When examining the expenses of one of Kraft Heinz's key competitors, General Mills, a peculiar trend becomes apparent. Over the last five years, General Mills has primarily focused on just three main expense categories, with all other categories marked as "NA," indicating they haven't allocated spending in those areas. Notably, a significant portion of their expenses is directed toward Selling, General, and Administrative (SGA) expenses, consuming a relatively higher percentage of their revenue.
It's important to highlight that, despite the marginal difference in revenue between KHC and General Mills, KHC manages to keep a lower percentage of their revenue devoted to expenses. This is a positive indicator for KHC, signifying that their SGA expenses are more efficiently managed than those of one of their primary competitors. This, in turn, reflects positively on KHC's management team, particularly in the realm of sales and administrative expense control, demonstrating their effectiveness in maintaining a healthy expense structure.

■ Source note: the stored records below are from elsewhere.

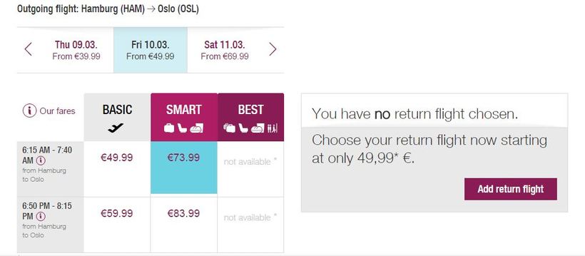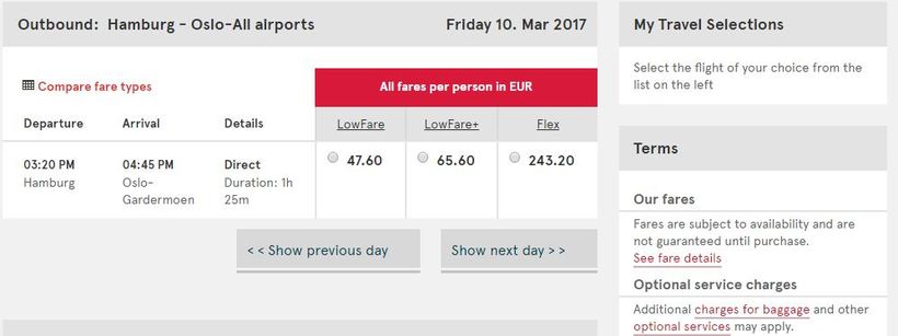 Пожалуй, это самый рациональный вариант в данном случае. В Гамбурге есть свой аэропорт, почитать о котором можно тут. Рейсы в аэропорт Осло выполняют такие компании: Norwegian, Scandinavian Airlines и Eurowings. Вот скриншот с сайта Norwegian: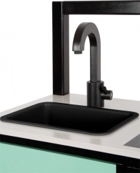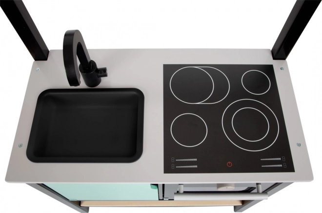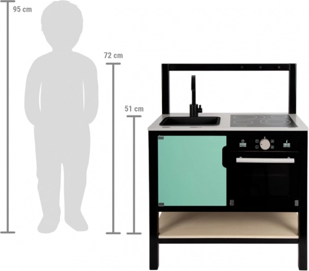 Voor maximaal speelplezier zijn er een wastafelkraan met hendel om de “temperatuur” te regelen, een uitneembare kunststof gootsteen om “af te wassen” en een oven met uitneembare bakplaat. De bodem van de plank kan worden gebruikt als grillrooster. Het kastje onder het werkblad en de haken voor keukengerei zorgen voor orde, terwijl het linkerdeel van het kastje speels kan worden omgetoverd tot “koelkast” of “vaatwasser”.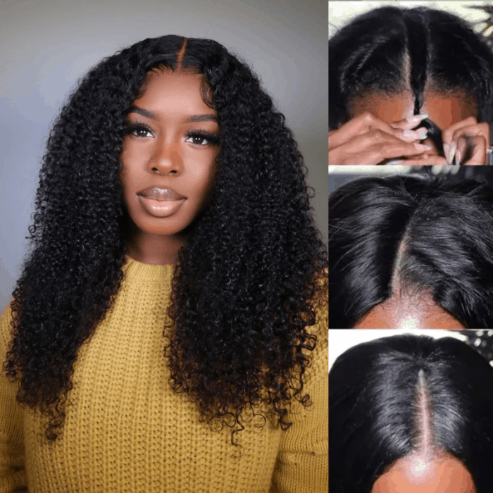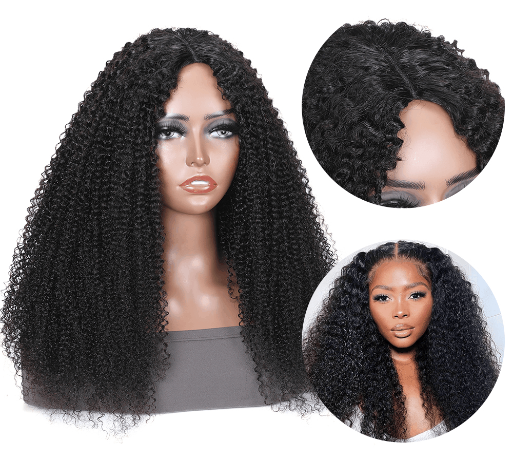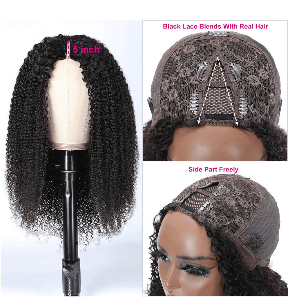 Incolorwig Glueless Kinky Curly V Part Wigs Real Scalp Human Hair Wig No Leave Out U Part Wig

Kraft Heinz Company (KHC) is facing a significant problem with the quality of its earnings. In simple terms, this means that the reliability and sustainability of the profits they report are in a bad state. The average Quality of Earnings (QoE) for KHC is 3.84, but there's a huge exception: three years ago, the QoE spiked to 9.97, making the overall average look better than it really is. To get a more accurate picture, we should consider the median QoE over the last five years, which is 2.26.
However, the troubling part is that KHC's QoE is currently on a downward trend. Last year, they reported a QoE of about 0.78, which is remarkably low for a company of their size. This suggests that their reported profits may not truly represent the actual financial health of the company. Analysts pay close attention to the QoE to understand a company's true financial situation and to detect any potential accounting tricks.

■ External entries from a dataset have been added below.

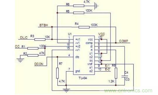 (1)腳第一組放大器的同相輸入端,檢測輸出電流,與3個0.33R 電阻分壓,當電流過大時,分壓電阻上的電壓超過(2)腳基準電壓,(3)腳放大器輸出端輸出高電平,(3)腳為高電平時,電路進入保護狀態。(2)腳為比較器的反相輸入端,接(14)腳基準,作比較器的參考電壓,外部輸入端的控制信號可輸入至腳(4)的截止時間控制端(也叫死區時間控制),與腳(1)、(2)、(15)、(16)誤差放大器的輸入端,其輸入端點的抵補電壓為120mV,其可限制輸出截止時間至最小值,大約為最初鋸齒波周期時間的4%。當13腳的輸出??刂贫私拥貢r,可獲得96%最大工作周期,而當(13)腳接制參考電壓時,可獲得48%最大工作周期。如果我們在第4腳截止時間控制輸入端設定一個固定電壓,其范圍由0V至3.3V之間,則附加的截止時間一定出現在輸出上。 (5)、(6)腳是一個固定頻率的脈沖寬度調制電路,內置了線性鋸齒波振蕩器,振蕩頻率可通過外部的一個電阻和一個電容進行調節,其振蕩頻率如下: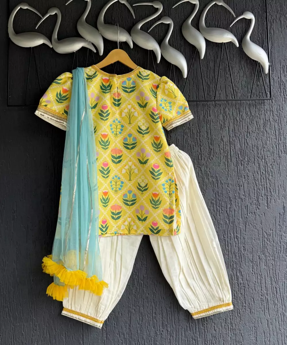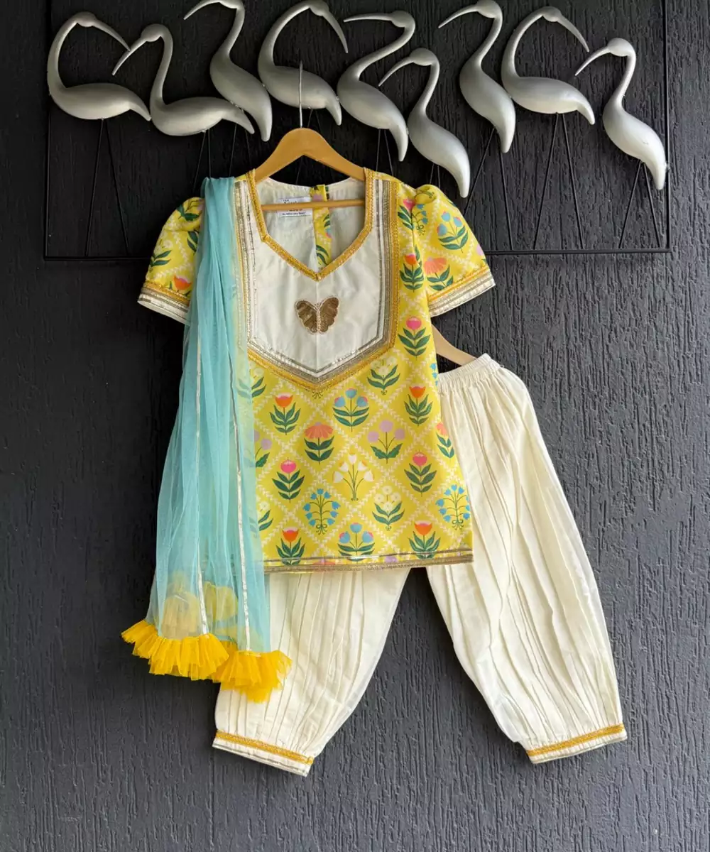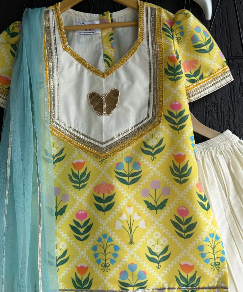 Yellow Multi Flower Print Front Opened Kurta With Lace Finishings And Butterfly Patch . Kurta With Half Sleeves.Kurta With Front Opening .Kurta With Cotton Lining. Off White Salwar With Lace Finishings . Bottom With Elasticated Waist. Blue Colour Net Chunni To Make It A Complete Festive Look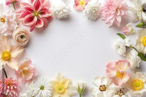 Flower border with blank center, delicate petals in various colors, ideal for invitations

Now, let's look at General Mills, a company with an even lower QoE, averaging at 1.37, and a median of 1.27. However, when we dive deeper into the numbers, we see that General Mills' QoE is more consistent and stable compared to KHC. This indicates that General Mills might have a more honest and predictable way of accounting for their earnings, with less manipulation.
In a nutshell, KHC might initially seem to have a higher QoE, but the trend shows inconsistency and a recent decline, which raises doubts about the reliability of their earnings. On the other hand, General Mills has a lower QoE on average but maintains a stable and dependable QoE over time. Consistency in QoE is generally preferred because it implies more reliable financial reporting.

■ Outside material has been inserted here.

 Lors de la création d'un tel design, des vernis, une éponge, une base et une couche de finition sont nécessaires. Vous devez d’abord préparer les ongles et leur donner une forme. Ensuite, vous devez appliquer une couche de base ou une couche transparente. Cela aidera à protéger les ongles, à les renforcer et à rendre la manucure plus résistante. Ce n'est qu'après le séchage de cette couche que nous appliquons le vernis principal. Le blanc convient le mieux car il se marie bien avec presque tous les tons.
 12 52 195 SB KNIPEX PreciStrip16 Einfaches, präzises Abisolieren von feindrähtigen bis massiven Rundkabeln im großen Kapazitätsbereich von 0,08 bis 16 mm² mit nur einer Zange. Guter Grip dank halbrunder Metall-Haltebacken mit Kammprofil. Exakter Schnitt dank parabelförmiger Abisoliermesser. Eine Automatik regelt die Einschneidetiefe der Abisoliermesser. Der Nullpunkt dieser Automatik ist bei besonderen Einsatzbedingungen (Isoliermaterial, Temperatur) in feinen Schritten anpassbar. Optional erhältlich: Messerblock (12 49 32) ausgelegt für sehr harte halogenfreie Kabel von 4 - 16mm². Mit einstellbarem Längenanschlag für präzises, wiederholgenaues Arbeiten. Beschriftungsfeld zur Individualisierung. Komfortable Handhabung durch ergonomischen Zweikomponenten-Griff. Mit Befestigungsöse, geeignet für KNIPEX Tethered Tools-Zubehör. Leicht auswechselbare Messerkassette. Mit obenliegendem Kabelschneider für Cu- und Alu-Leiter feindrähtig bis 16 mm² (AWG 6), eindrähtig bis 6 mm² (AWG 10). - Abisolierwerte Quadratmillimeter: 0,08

In conclusion, when it comes to recognizing revenue, it is a challenging area for businesses. Comparing Kraft Heinz Company (KHC) to one of its primary competitors, General Mills, I have concluded that, in terms of providing evidence to support their accounting practices, General Mills does a better job than KHC. With a more stable Quality of Earnings (QoE), General Mills adds more credibility to their financial records.
KHC, on the other hand, has experienced volatile QoE, indicating less stability. This unpredictability can be concerning for analysts and may lead to unease among investors who are uncertain about the accuracy of reported earnings and potential manipulations.
Regarding expenses, KHC incurs more expenses and allocates resources across a broader spectrum, although their primary expense category is lower than that of General Mills.
It's important to note that all companies engage in some degree of financial statement manipulation to boost earnings and present a healthier financial image. However, companies that display inconsistency in this matter can deter investors from investing. Such inconsistency can also complicate the issuance of debt, as companies lacking predictability and stability, as is the case with KHC, may find it challenging to attract investments.